The New Inn in Brilley dates back to the 18th century and has been a pub and inn for most of this time. It was first mentioned as licensed premises in 1883, with the innkeeper listed as John James. At the time there was a cider press in the garden – it's still there to this day, although not in use. The New Inn remained as licensed premises until 1949 when the last innkeeper did a 'moonlight flit' and disappeared, leaving many debts.

This traditional Welsh stone longhouse, with its extensive grounds and stream running through them, enjoys stunning views of the Black Mountains, the Wye Valley and the Brecon Beacons.

"With the house I've tried to preserve as much of its character as possible, we still have the original serving hatch and the range," says owner Daphne. The property's website describes their accommodation as 'unique, authentic and sometimes a little bit quirky – outdoor spaces for the young at heart'. Daphne has successfully created a peaceful haven for her guests which in turn has secured The New Inn in Brilley a prestigious Alastair Sawday B&B Award (2013/2014) in the 'One of a Kind' category.

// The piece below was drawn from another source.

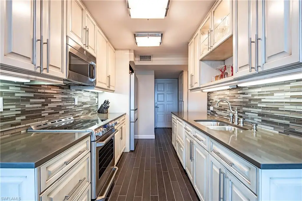 Experience beachfront luxury and sophistication in this meticulously updated sixth-floor residence at the prestigious Martinique Club, located in the coveted Moorings. Offering 1,440 square feet of thoughtfully designed living space, this 2-bedroom, 2-bathroom oasis boasts an open-concept layout perfect for entertaining, with seamless connections between the living, dining, and kitchen areas. From the expansive enclosed lanai, enjoy breathtaking panoramic views of Venetian Bay, while ample windows flood the space with natural light, enhancing the bright and airy ambiance. The primary suite serves as a tranquil retreat, featuring a walk-in closet and a spa-inspired shower. Recent renovations include new flooring, a modernized kitchen with state-of-the-art appliances, and exquisitely updated bathrooms. Additional features include electric shutters on the lanai, impact glass windows, extra storage, and a deeded parking space. Martinique Club offers an unparalleled lifestyle with only 35 residences, private beach access, a beachfront pool, a pool cabana room, and a newly renovated lobby. Located steps from Venetian Village's upscale boutiques and dining, and just a short drive to Waterside Shops, Artis-Naples, Mercato, and Naples' iconic 5th Avenue South and 3rd Street South, this home represents coastal elegance at its finest.

Daphne had spent six years in India studying Tibetan Buddism when she badly broke her wrist and as a result, decided to relocate to the UK. "I looked at all kinds of properties from one end of the country to the other but I knew from the first moment I arrived in Clun in Shropshire that these rolling hills would be my home. I stayed in a little B&B for two months until I found this place not too far away."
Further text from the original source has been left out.